仮面ライダーオーズNEObeforeヘキサオーズ 第11話

side3人称

 日本に向かって飛来していく無数のミサイル、中には一発で広い範囲を焼き払う核兵器もあった。これらを瞬時に察知した自衛隊は総力を挙げてこれらの撃墜を行う。通常のミサイルはなんとか対処できているが自衛隊でも手を焼いていたのは核兵器である。うかつに攻撃が出来ない以上はなす術がないと思われていた。

 

 

 

 

 

 

 

 

 

 

 

 

 

 

 

 

 

 

 

 

 

 

 

 皇の本拠地での戦いは激しさを増していた。仮面ライダーローグはオメガテュポーンと激しい攻撃の応酬を交わしていた。

 

 「カイザーシステムでここまでとは。」(ローグ)

 「カイザーシステム?最上魁星が作ったものとは思わないでください、氷室さん。人工アンデッドの成分を抽出して作り出したボトルによるこのオメガテュポーンは、バイカイザーなど比べないでください、よ!!」(オメガテュポーン)

 

 オメガテュポーンは上半身の蛇と両ひざの狼の口から毒の煙を吐き出す。それを見たローグはすかさずスクラッシュドライバーに別のフルボトルをセットする。

 

 ≪ディスチャージボトル!潰れない!≫

 

 ローグの右腕が扇風機となり毒の煙をオメガテュポーンへと押し戻す。そこでオメガテュポーンの視界が遮られた時にローグは別のフルボトルへと変えた。

 

 ≪チャージボトル!潰れない!≫

 

 ローグの全身が炎に包まれ、火の鳥となってオメガテュポーンへと向かって行く。毒の霧を燃やしてオメガテュポーンごと燃やしていく。だが、その炎を浴びてもオメガテュポーンは平然としていた。

 

 「俺のこの体はアンデッドと同じ、そう簡単に死にはしませんよ。」(オメガテュポーン)

 「ならば、お前の体の限界まで攻撃するだけだ。」(ローグ)

 

 ローグとオメガテュポーンはまたもお互いの拳を振り上げて戦い始める。

 

 

 

 

 

 

 

 一方、ヘキサオーズに相対するのはジョーカーとオーズであった。機械的に動くヘキサオーズに対して、一点突破の攻撃で向かって行くジョーカーに、両手のトラクローを展開して攻撃するオーズ。それもヘキサオーズに高い効果はあまり無かった。

 

 「何つう硬さだよ。これだったら、フィリップの奴にも声をかけておくんだった!」(ジョーカー)

 「翔太郎君、他のコンボを使うから時間を!」(オーズ)

 「良いぜ。」(ジョーカー)

 

 ジョーカーが飛び出すとオーズはドライバーの左横のホルダーから灰色の3枚のコアメダルを取り出し、オーズドライバーにセットした。

 

 ≪サイ!ゴリラ!ゾウ!サゴーゾ!サゴーゾ!≫

 

 オーズは大型動物の力を宿した剛力形態、サゴーゾコンボにコンボチェンジした。ジョーカーがヘキサオーズをけん制する中でオーズは剛力を込めた巨大な腕でヘキサオーズを攻撃する。サゴーゾコンボの剛力はすさまじく一撃でヘキサオーズを数メートルほど吹き飛ばしていた。オーズは距離を詰めるとゴリラの剛腕にサイの頭突き、ゾウの踏みつけでヘキサオーズを攻撃していく。

 

 「正則君!コアメダルの力に、自分の欲望に負けちゃダメだ!」(オーズ)

 

 オーズの呼びかけに答えるそぶりが無いヘキサオーズ。

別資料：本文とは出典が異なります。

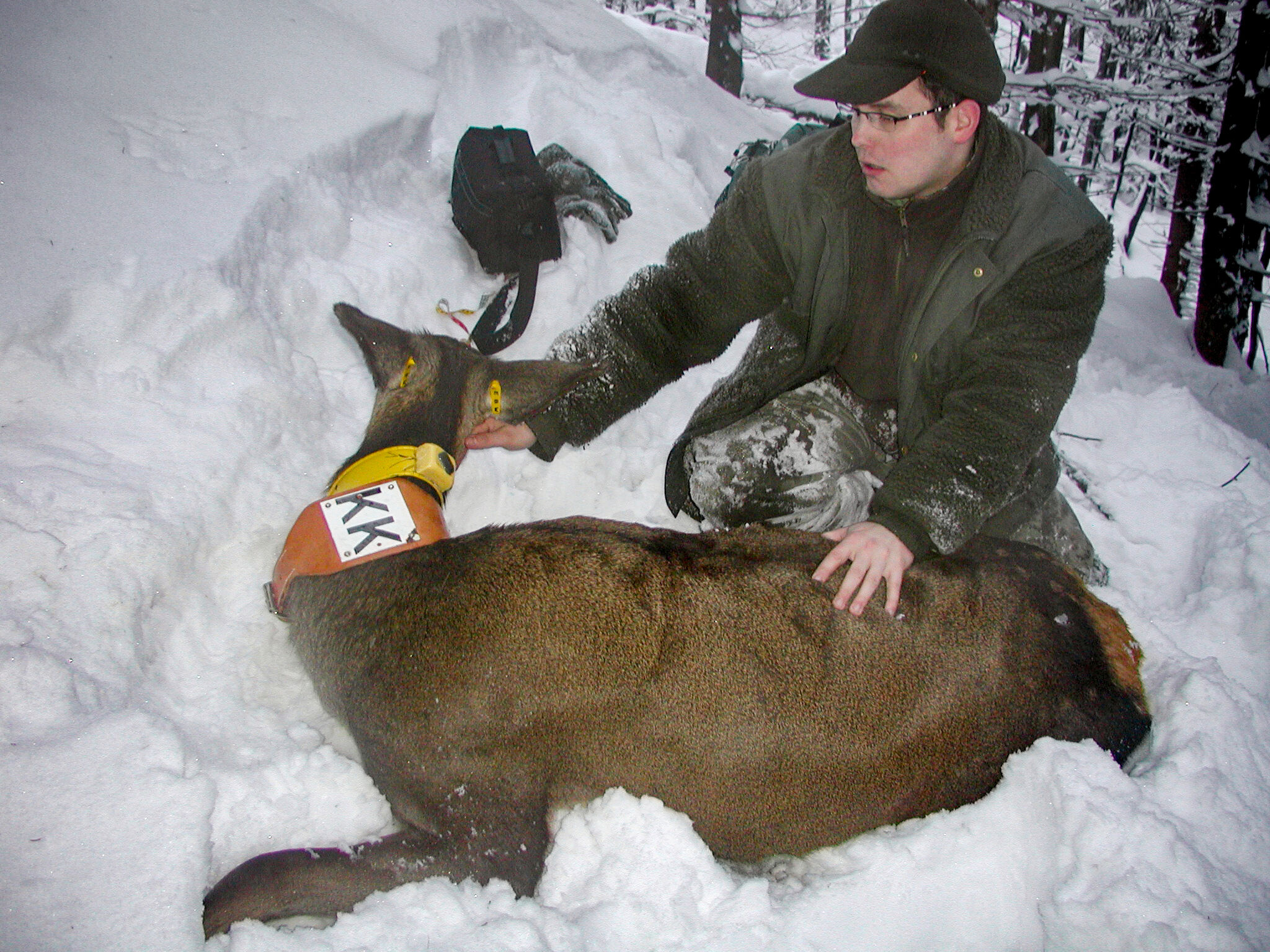 Beide noch jung an Jahren: der Autor beim Besendern des Alttiers „KK“ im Februar 2006. © Thünen-Institut
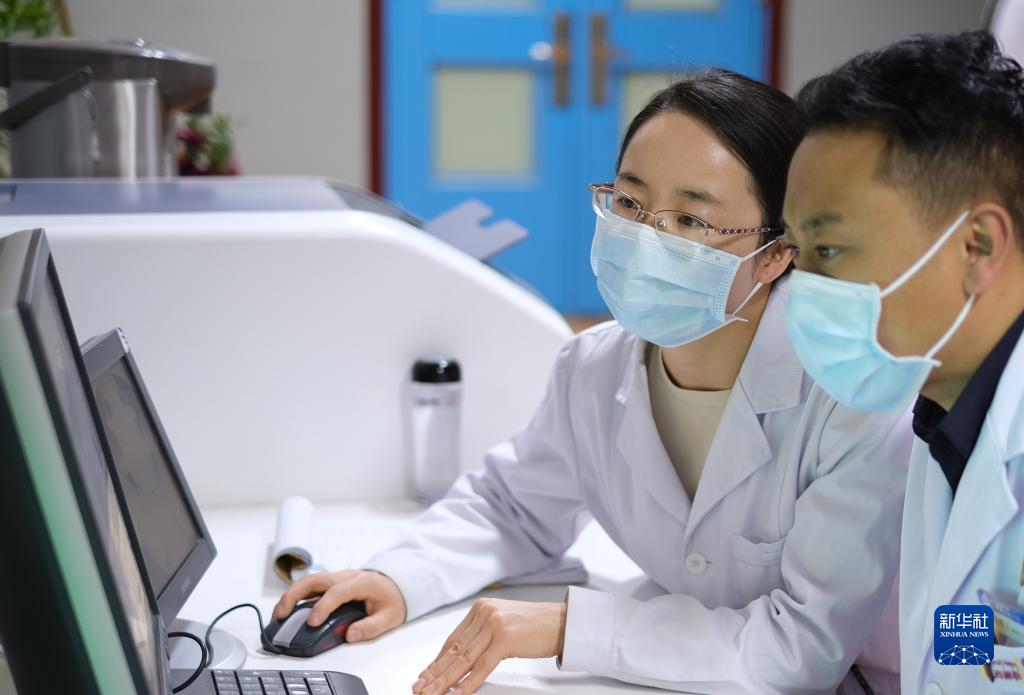 4月25日,青海省人民医院医生、青南支医队员祁永红(左)给青海省玉树藏族自治州人民医院医生普措然丁(右)讲解头颅磁共振成像操作。

それでもなおオーズは呼び掛けることを辞めない。

 

 

 

 

 

 

 

 

 

 

 

 「そんな、、、。」(束)

 

 ヘキサオーズは正則であることを知らされた束はその場で座り込んでしまっていた。そこに白騎士を纏っている千冬が近づいてきた。

 

 「束!何をしているんだ!」(千冬) 

 「ちーちゃん、、、。」(束)

 「皇の所為で、日本に無数のミサイルが落ちてくる。それには核兵器も入っている。私はそれの迎撃に行く。」(千冬)

 「え。」(束)

 

 千冬が言ったことに理解が追い付かない束。

 

 「私はこれから白騎士を使ってミサイルを出来る限り破壊する。核ミサイルはどうにもならんが他のミサイルをなんとかしてみる。束はどうにかして止めてくれ。」(千冬)

 「でも、ちーちゃん。」(束)

 「束にとってインフィニット・ストラトスが宇宙へ行くためのものなのは分かる。だが、今何もしなければ束の夢を叶えることが永久に出来なくなる。それに、私は、あんな奴の所為で私の家族が失うのが耐えられない。だから行く。」(千冬)

 「ちーちゃん。」(束)

 「すまない、お前の夢を汚して。」(千冬)

 

 千冬はそう言うとそのまま研究所の天井を大剣で破壊して空高くへと姿を消した。そのまま、束は空を見上げていたが少しずつ立ち上がると、ヘキサオーズの、正則の所へと駆け出す。

 

 

 

 

 

 

 

 

 

 

 

 「はあ、はあ。」(ローグ)

 「その程度ですか。氷室さん。」(オメガテュポーン)

 

 ローグとオメガテュポーンの対決はローグが片膝を着け、その様子をオメガテュポーンが見下ろしている状況に変わっていた。

 

 「がっかりですよ。今のあなたは牙の抜かれた狼、いや飼い犬になり下がったただの駄犬だ。昔のあなたはそうじゃなかった。だから、これで終わりです。」(オメガテュポーン)

 

 そう言うとオメガテュポーンはネビュラスチームガンを取り出し、ローグへと銃口を向けた。オメガテュポーンがその引き金に指を掛けようとした時だった。千冬が作り出した穴から何者かが飛び降り、否、飛行しながらオメガテュポーンを切り裂いた。

 

 「ぐお!!」(オメガテュポーン)

 

 何者かによって斬られたオメガテュポーンはローグのそばからフッ飛ばされる。オメガテュポーンを攻撃した人物は背中の翼を畳み、ローグのそばに降り立つ。

 

 「大丈夫ですか。」(???)

 「お前は。」(ローグ)

 「俺は剣崎一真、仮面ライダーブレイド。」(ブレイド)

 

 ローグを助けたのは上級アンデッド、イーグルアンデッドの力を得た仮面ライダーブレイドジャックフォームだった。ブレイドは閉所ということで機動力が制限されるこの環境ではジャックフォームも不利と見て、元の形態に戻った。

 

 「奴は俺が倒す、倒さなければならない。」(ローグ)

 「なら、俺もやる。」(ブレイド)

 「分かった。それと助けた礼を言おう。」(ローグ)

 「ああ。」(ブレイド)

 「そうか、ならここでお前もやってやる!!」(オメガテュポーン)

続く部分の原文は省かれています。